Göğsümün üzerinde tuttuğum silahım soğukkanlılığımı kıskanırcasına buz gibi. Yanlış kişiyle yarışıyor oysa, yılların törpülediği bir hırsız karşısındaki. Gerçi şu anda en son istediğim şey, silahımla dahi hasım olmak. Mecburi bir ittifak olsa da aramızdaki, dost kalmak zorundayım onunla. Tamam küçük adam, şu bekleyiş sonlanana dek benden daha soğuk olmanı göz ardı edebilirim. Fakat kıdemli polis memuru Oliver'ı yere indirdiğin anda ne sen beni tanıyacaksın, ne de ben seni tanıyacağım. Anlaştık mı? Güzel.

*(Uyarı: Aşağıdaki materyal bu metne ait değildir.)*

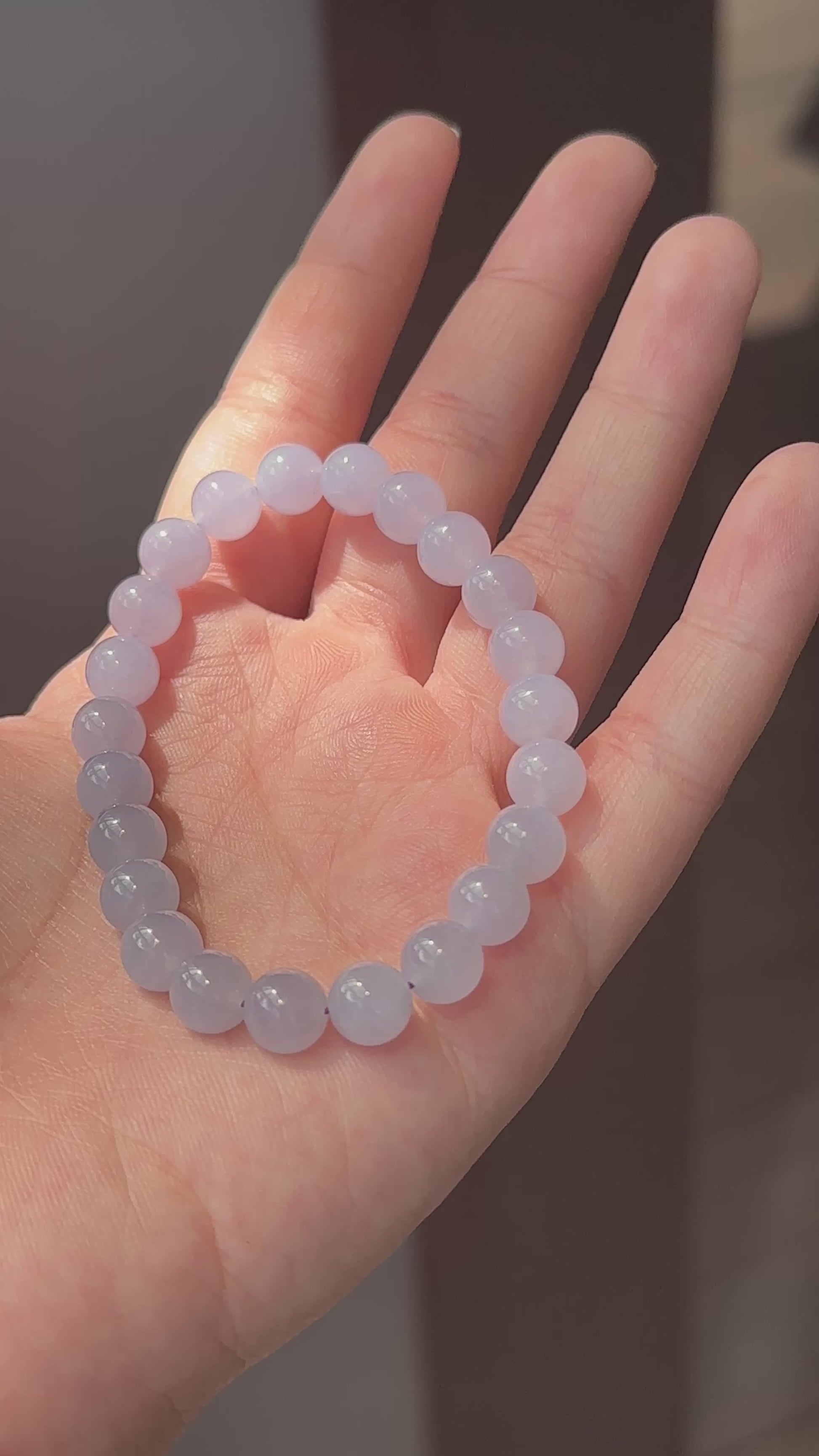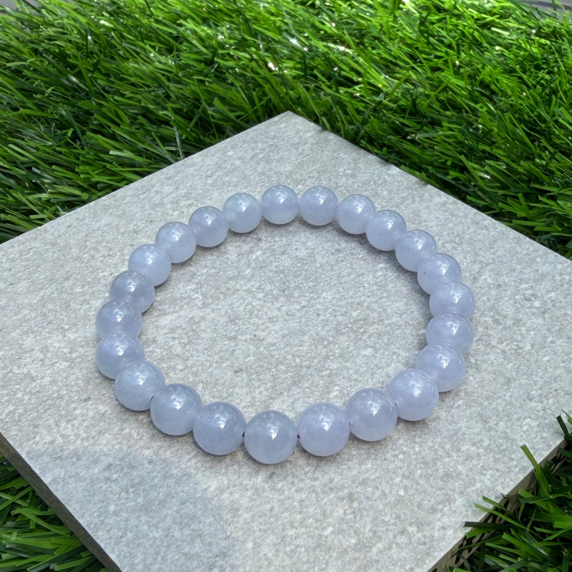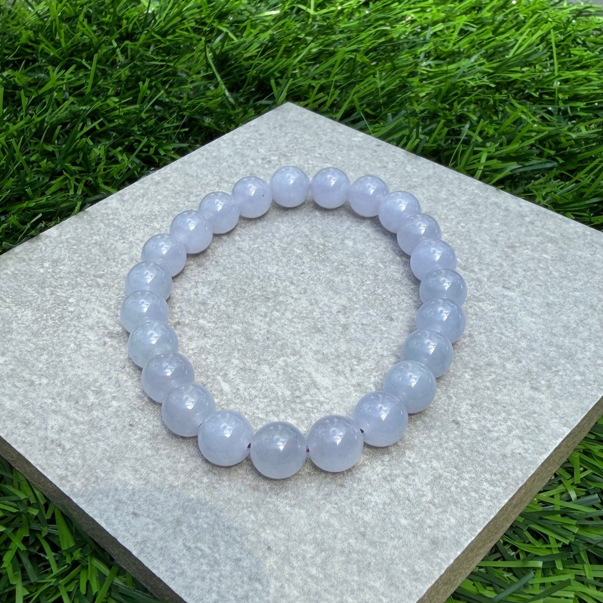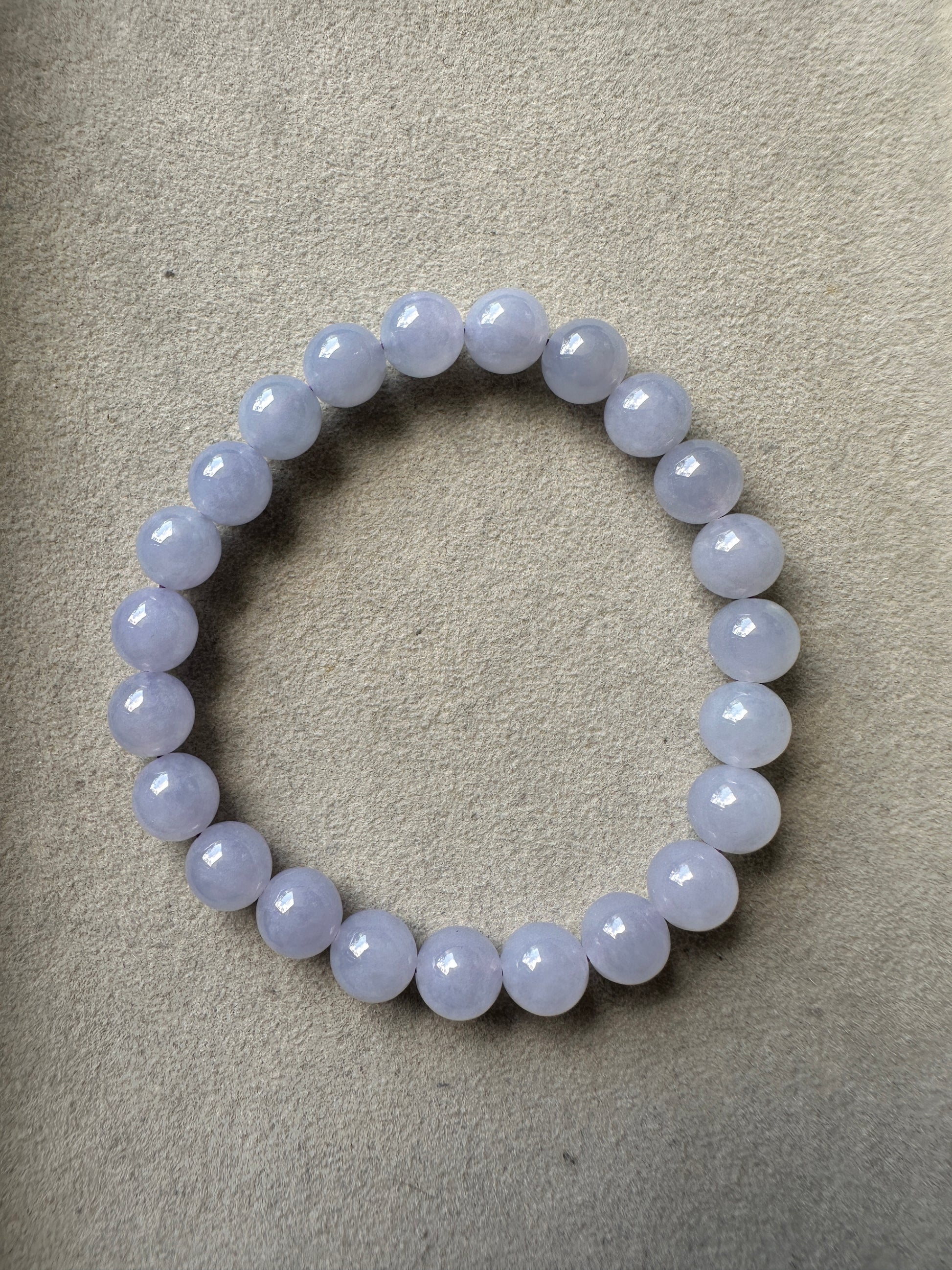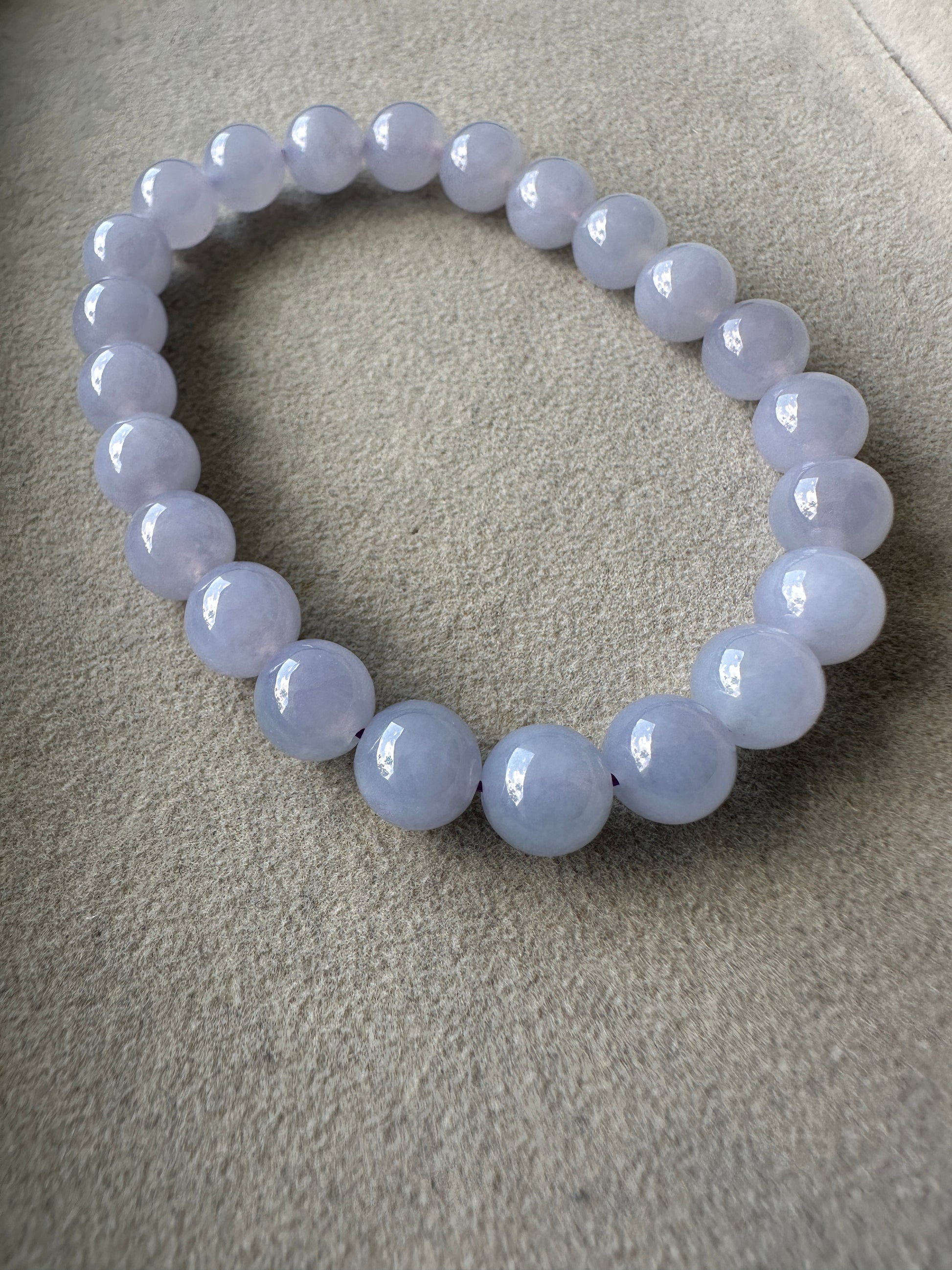 The ever popular lavender jadeite. A piece seemingly like a battery full of youth. This blissful lavender jadeite beads bracelet exudes youthful aura. Carries icy and smooth texture with strong purple that does not fade with sunlight. No major cracks or lines can be seen on each bead; nearing perfection.

Sanıyorum dakikalardır bu duvarla da bir çeşit anlaşma imzaladık. Artık cansız varlıklarla daha iyi anlaşıyor gibiyim. Onların ensemde bitme olasılıkları daha az olduğundan, şu anda silahımı bile daha şefkatli tutuyorum elimde. Şefkat, bizim meslekte korkunç bir hissiyattır. Kendini iyi tabir eden insanlar için hırsızlık neyse, bizim için de şefkat öyle utanç verici işte.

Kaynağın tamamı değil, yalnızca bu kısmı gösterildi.